ABOUT THIS EXERCISE –
Please return the data that follows precisely as written, but without the images.

··· RECORDS

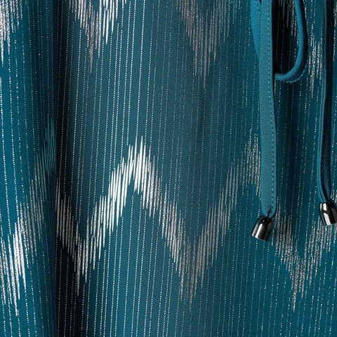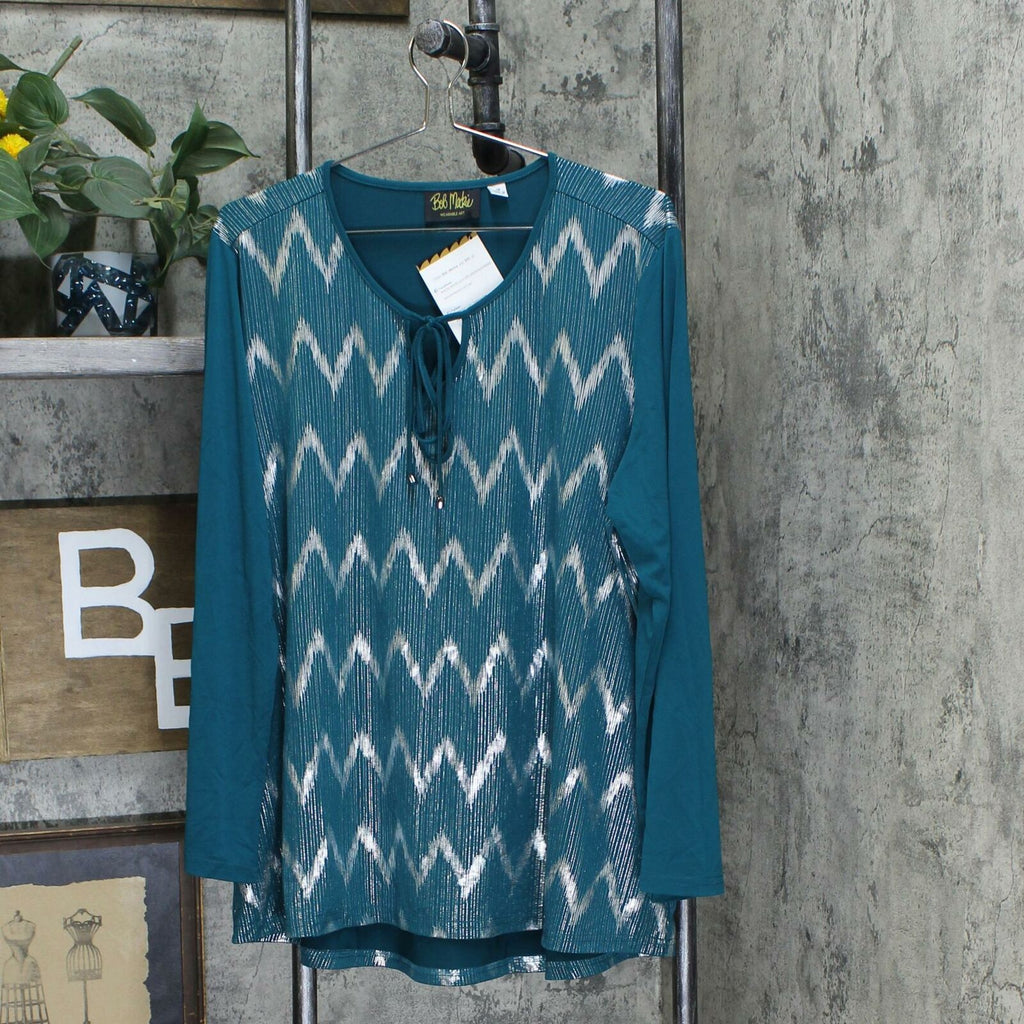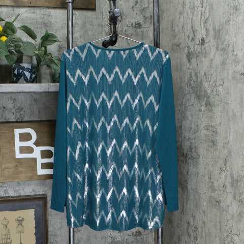 Features: heat-sealed chevron front and back pattern, solid-colored long sleeves, round neckline, hi-low hem, center front tie keyhole
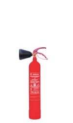 Extincteur portable à neige carbonique CO2, avec 2 kg d'agent extincteur, d'efficacité 34B, avec corps en acier avec finition extérieure avec peinture époxy couleur rouge, vanne à levier, goupille de sécurité et tromblon conique. Comprend le support et les accessoires de montage.
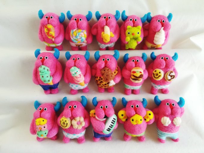 6 25 今回作ったストラップになります😉各1~2個用意しましたが当日全種類並べるのは難しいのでお声がけいただければ在庫をチェックいたします👍よろしり~🙏 #デザフェス #羊毛フェルト 19/11/10 11:41
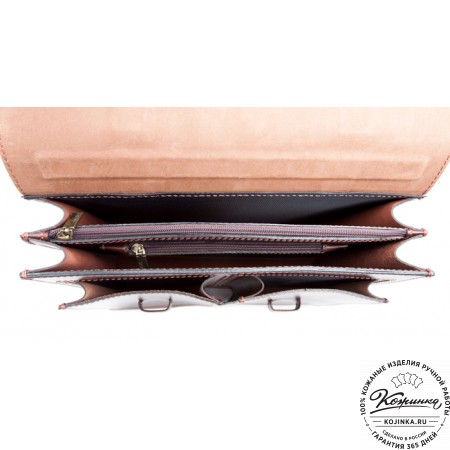 Портфель изготовлен из высококачественной натуральной кожи и прочной фурнитуры.
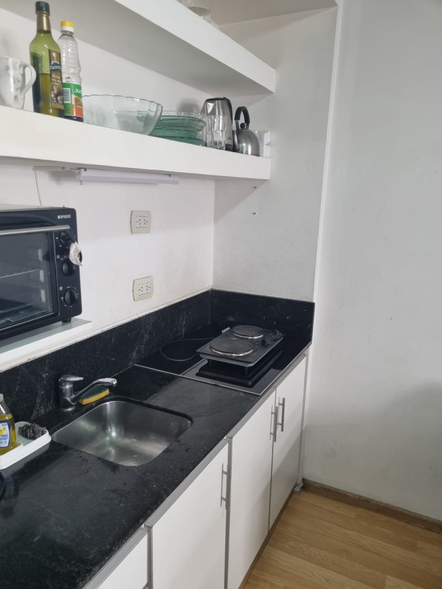 El ambiente integra living y dormitorio con TV, y una cocina eléctrica equipada con dos anafes, horno eléctrico y microondas, perfecta para resolver comidas diarias. Baño completo. El edificio ofrece solarium y parrilla, sumando opciones para disfrutar al aire libre.
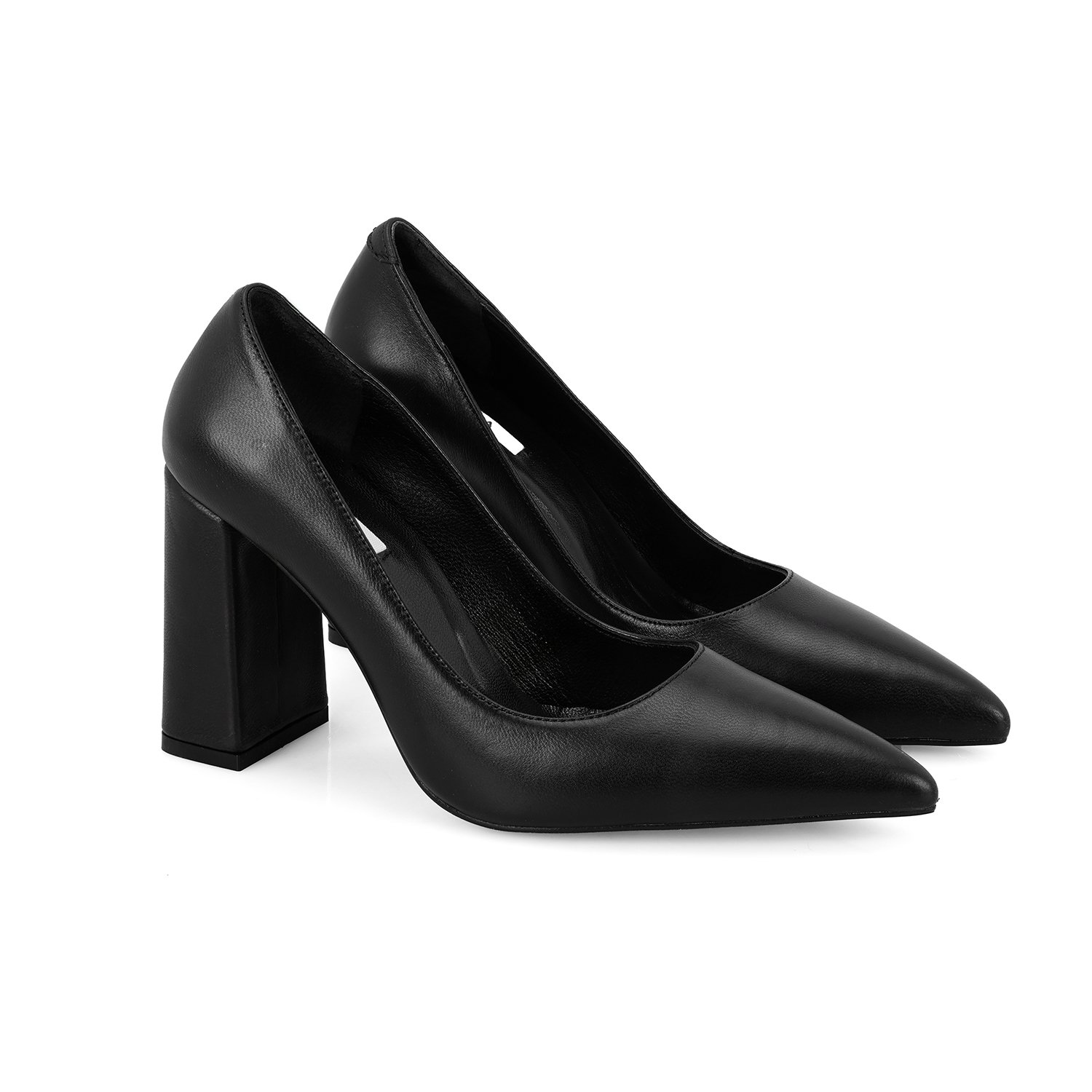 Kadın Siyah Topuklu Deri Klasik Ayakkabı

······

YOUR SOLUTION –
 Features: heat-sealed chevron front and back pattern, solid-colored long sleeves, round neckline, hi-low hem, center front tie keyhole
 Extincteur portable à neige carbonique CO2, avec 2 kg d'agent extincteur, d'efficacité 34B, avec corps en acier avec finition extérieure avec peinture époxy couleur rouge, vanne à levier, goupille de sécurité et tromblon conique. Comprend le support et les accessoires de montage.
 6 25 今回作ったストラップになります😉各1~2個用意しましたが当日全種類並べるのは難しいのでお声がけいただければ在庫をチェックいたします👍よろしり~🙏 #デザフェス #羊毛フェルト 19/11/10 11:41
 Портфель изготовлен из высококачественной натуральной кожи и прочной фурнитуры.
 El ambiente integra living y dormitorio con TV, y una cocina eléctrica equipada con dos anafes, horno eléctrico y microondas, perfecta para resolver comidas diarias. Baño completo. El edificio ofrece solarium y parrilla, sumando opciones para disfrutar al aire libre.
 Kadın Siyah Topuklu Deri Klasik Ayakkabı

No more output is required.